However I am also happy to hear from anyone working with animals here with regards to their opinion on standards of veterinary care & animal welfare issues

/SNIP/

Thankyou


----------



## orcunozcoban (Jul 19, 2013)

*Hello CyprusVN*

first of all I hope you are still doing alright in Cyprus. while i was looking for some job opportunities in Cyprus as a vet i red your message here.
i am qualified vet in turkey and also working for Food, Agriculture and Livestock Ministry in turkey last 6 months. before i was living and working in UK about 10 years but not as a vet for sure.
i have a question if you dont mind. Within the government in Cyprus is there any vet working for them as i am doing in turkey as a vet in Food, Agriculture and Livestock Ministry or do you know anyone who could hep me about this.
many thanks and have a good day.

Orcun Ozcoban


----------



## Veronica (Apr 5, 2008)

There is a government Vet in every large town.


----------



## orcunozcoban (Jul 19, 2013)

many thanks for your reply Veronica


----------



## MartynKSA (Aug 7, 2011)

Hi CyprusVN

My son is training to be a Vet in the UK (just got his first degree) and is on a placement in Cyprus at the moment (having a bit of a holiday with his mum!!) with our local vet. I'll get his input later.

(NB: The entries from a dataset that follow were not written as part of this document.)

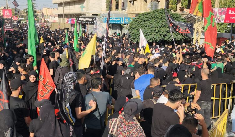 – تقاطرت إلى مدينة بعلبك منذ ليل أمس الوفود الشعبية للمشاركة في مسيرة “موكب الأحزان” التي نظمتها قيادة “حزب الله” في منطقة البقاع، أحياء لأربعينية الإمام الحسين في مقام ابنته السيدة خولة في بعلبك، قادمين من مختلف المناطق اللبنانية، وبخاصة من محافظتي بعلبك الهرمل والبقاع، والآلاف منهم وصلوا من بلداتهم إلى دوار الجبلي سيرا على الأقدام تأسيا بموكب الإمام زين العابدين والعقيلة زينب والسبايا من أهل بيت الإمام الحسين من الشام إلى كربلاء بعد مرور أربعين يوما على واقعة الطف في كربلاء، حيث انطلقت المسيرة المركزية نحو المقام يتقدمها حملة الشعارات الحسينية والأعلام والرايات، وكشافة الإمام المهدي، ولبسة الأكفان في مشهدية تؤكد الاستعداد للشهادة على خط ونهج الإمام الحسين في نصرة الحق ومواجهة الظلم والظالمين، وفاعليات نيابية وبلدية واختيارية واجتماعية وعشرات آلاف المشاركين الذين غصت بهم قاعات وباحات مقام السيدة خولة بنت الإمام الحسين، والطرقات المؤدية إليه.
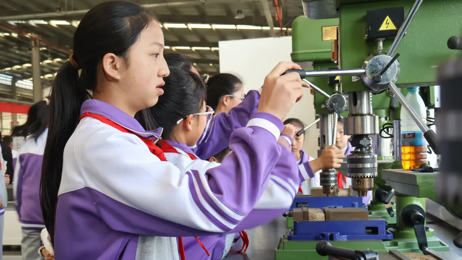 “日常生活中的洗衣粉、消毒酒精等产品,制造设备长什么样?”“从传统老式机床到智能化数控设备,经历了怎样的迭代升级?”活动中,园区工程师为同学们带来生动讲解,逐步揭开工业生产的神秘面纱。同学们近距离观摩各式先进设备与荣誉展品,在新旧设备对比中直观体会技术革新的力量,深刻认识到每一台设备、每一项成果都与日常生活紧密相连,更助力家乡发展、服务国家建设。
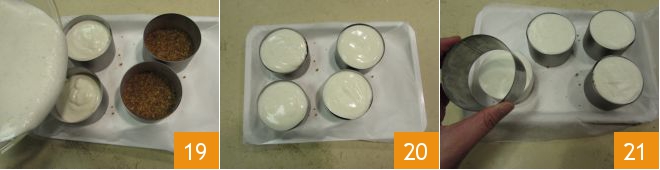 and mix 7. Transfer the mixture into 4 molds of 3 inches in diameter and 1.75 inches in height placed on a tray with parchment paper. Also, be sure to line the circumference with acetate or parchment paper 8. Flatten well with the back of a spoon and transfer to the refrigerator for 30 minutes 9.
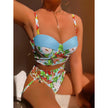High Waist Push-Up Bandage Floral Bikini Set - Strappy Two-Piece Swimwear

Regarding animal welfare, are you thinking of the (generally speaking) obscene Cypriot attitude to animals? An abandoned hunting dog has just adopted my wife- thinks he's died & gone to puppy heaven, despite having his bits off- but he he's clearly been neglected, abused and generally abandoned, unchipped & no collar. Only a young dog, but just found he has severe hip dysplasia, so can understand his hunting days were limited, but still not nice to have simply abandoned him (don't think he's an escapee- he got out of the house the other day and disappeared and whilst we were panicking to get some clothes on to look for him, he calmly returned to the front door & demanded to be let in!!!) . If they are that callous, it would have been kinder to put a bullet in his head, or is that too expensive? 

Or am I being cynical?

Anyway, George has now entered the ranks of lucky dogs in Cyprus, but sadly there are too few of them. From what I can understand that has nothing to do with the current economic climate in Cyprus; it seems to be a fact of life here.

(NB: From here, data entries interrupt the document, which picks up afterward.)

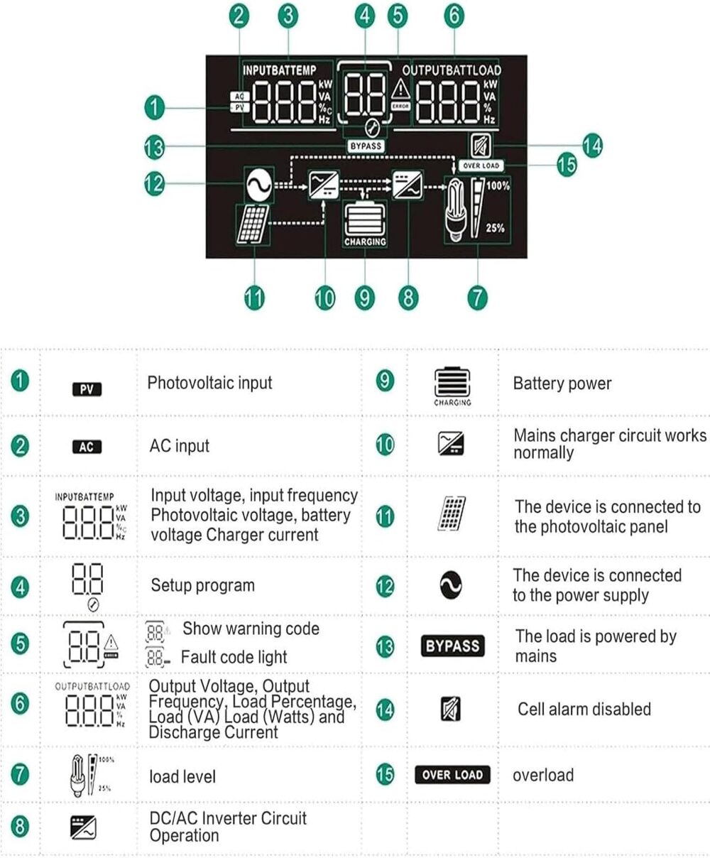 WITH LCD AND LED DISPLAY SCREEN: The solar inverter is equipped with an LCD display screen and three LED indicators to dynamically display data and operating status. Monitoring the charging status via the screen: input/output voltage, battery capacity indicator, etc. WIFI and GPRS remote monitoring for IOS and Android allows users to monitor the status of PV anytime, anywhere via their mobile phones or websites.
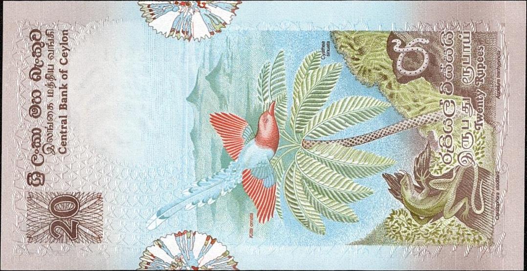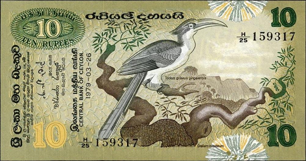 26.3.1979. Green, brown and black on multicolor underprint. Sri Lanka Grey Hornbill in tree at center. Back: Flowers and Yelloweared Bulbul. Watermark: Chinze. Replacement notes: Serial number prefix Z/1.
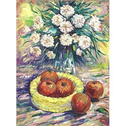 PHILIP CORLEY (Irish/American. Born 1944), "Apple and Flower Still Life". Signed with the artis...
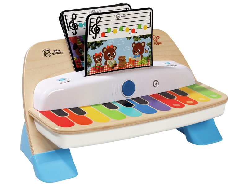 Colour various - L: 35 cm - W: 18 cm - H: 17.5 cm. - Made from WOOD and PLASTIC. - Consists of 1 piano and 5 double-sided scores. - Washable : disinfectant on the surface.

Any more seasoned contributors any opinions?


----------



## Guest (Jul 25, 2013)

MartynKSA said:


> Hi CyprusVN
> 
> My son is training to be a Vet in the UK (just got his first degree) and is on a placement in Cyprus at the moment (having a bit of a holiday with his mum!!) with our local vet. I'll get his input later.
> 
> ...


No doubt in my mind that this is a cultural thing. But far from all Cypriots have the same attitude. We run a dog boarding and to my big surprise about 50% of customers are Cypriots.

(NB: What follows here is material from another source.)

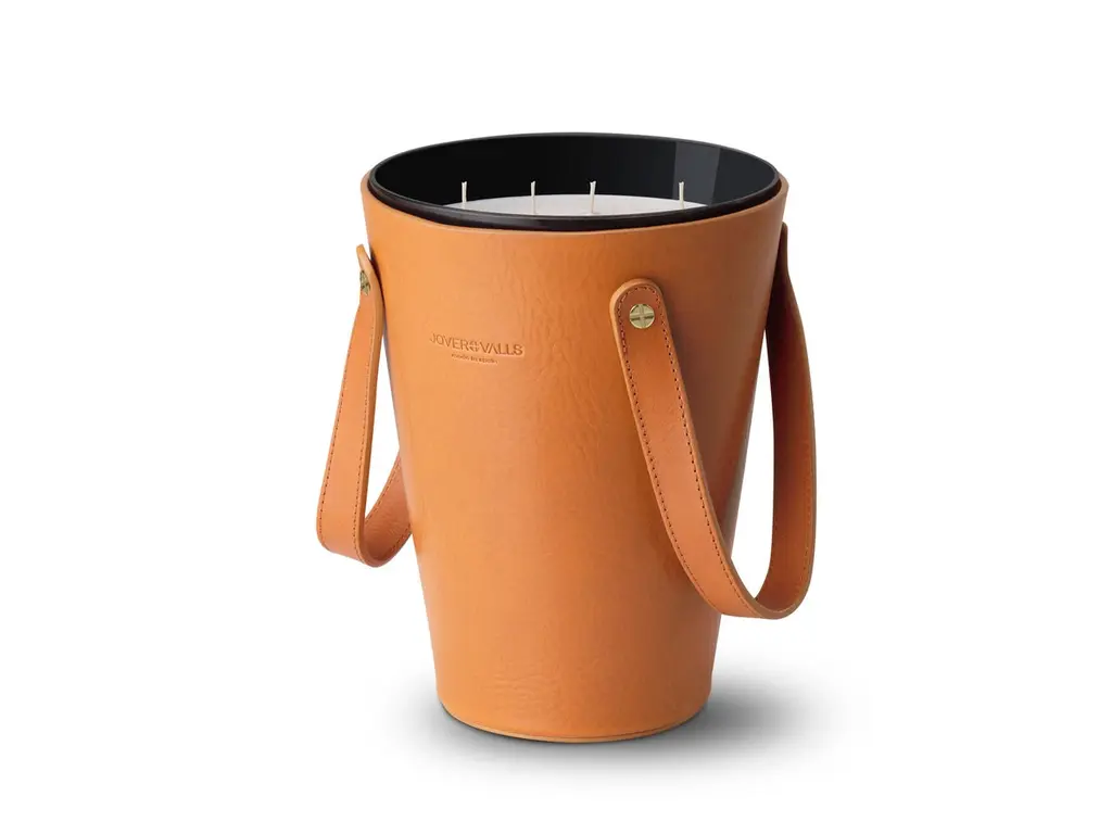 We introduce our leather candleholder’s collection designed at our atelier, hand-made by leather artisans using top grade European cowhides that become sub-product from food industry, vegetable tanned using waxes, tree barks and natural pigments for dyeing. Slightly diverse markings that may occur, show the seal of the craftsman manufacturing. Our leathers pass over a tumbled process that praises the natural grain pattern and does not have a uniform grain structure, the grain structure of skins varies and skins within the same production batch differ from one to the other. Our scented bespoke candle collection is hand-poured in Spain, following a centennial artisan formula that combines smoke-free vegetable waxes, cotton wick and genuine aromas, on a hand-blown glass case, obtaining a sustainable and one-of-a-kind product. Our candleholders and candles are presented as a decorative home accessory, choose the ideal combination for your spaces, available in 2 different sizes, 3 designs, 5 leather main colors and 4 aromas. A combination of highly scented and refined artistic craftsmanship to make the perfect decorative piece to adorn any space.Sizes:123 oz. / 7.7 lb. (3500 gr.). Burning time 200 hours. 4 cotton wicks. 8"x10,5" (20x27 cm.)Designs:JARR – BUCKET – BASKETMain leather colors:Natural Tobacco – Cognac – Dark Brown – Navy Blue – BlackAroma:WANDERLUST - Fresh spices, Saddle & CedarFragrance Family: Green & SpicyScent Type: Natural & AromaticFragrance Notes: Top: Cedarleaf oil, Pinus Sylvestris, Fresh Tobacco Leaf Heart: Nutmeg, Black Pepper, Waxed Leather, Wild Thyme Base: Patchouli, VanillaFragrance description: Is a mindful journey where senses are fully open to stimulating and natural fragrances, familiar perfume with a fresh lavish accent.How to Use:DO’sTo be displayed and enjoyed at home, indoor use only. For the first time you use your scented candle, let it burn for two hours until all the wax on the surface becomes liquid, doing this will prevent the wax from tunneling down around the wick and for an ulterior clean burn. Should black smoke appear, trim the wick regularly with a wick trimmer no longer than 1/4" (6mm). When lit, place on a heat resistant mat. When extinguishing the candle, check the wick is upright and centered, this will ensure the candle burns evenly right to the bottom of the glass. Burn the candle between 30 minutes and 2 hours for perfect burning. Allow to solidify before relighting. May produce an allergic reaction.DONT’sBurn within sight, never leave a burning candle unattended. Keep out of reach of children and pets. Keep away from combustibles. Do not burn near draughts and do not move candle when lit. Do not burn down to the bottom, or on or near anything that can catch fire. Do not ingest.

But this is not only a Cypriot problem, it is the same in other southern countries like Spain, Italy, Greece. 

Anders


----------



## MartynKSA (Aug 7, 2011)

true

hope boarding kennels going well- where are they?


----------



## Guest (Jul 25, 2013)

MartynKSA said:


> true
> 
> hope boarding kennels going well- where are they?


Pissouri


----------



## MartynKSA (Aug 7, 2011)

thought it was- PM me your contact numbers, please!


----------



## PeteandSylv (Sep 24, 2008)

Vegaanders said:


> But this is not only a Cypriot problem, it is the same in other southern countries like Spain, Italy, Greece.
> 
> Anders


Not forgetting the entire Arab world.

Pete


----------



## Veronica (Apr 5, 2008)

There is plenty of animal cruelty in the UK too but the difference is the RSPCA who will prosecute.
I watch some of the US programmes that follow animal police and the problem there is horrendous. 
So Cyprus is definitely not alone when it comes to animal cruelty.


----------



## Guest (Jul 25, 2013)

PeteandSylv said:


> Not forgetting the entire Arab world.
> 
> Pete


It must mean that the majority of people treat their animals like here. Perhaps we are wrong then........

Anders


----------



## PeteandSylv (Sep 24, 2008)

Vegaanders said:


> It must mean that the majority of people treat their animals like here. Perhaps we are wrong then........
> 
> Anders


Only about cats !!!!

Pete


----------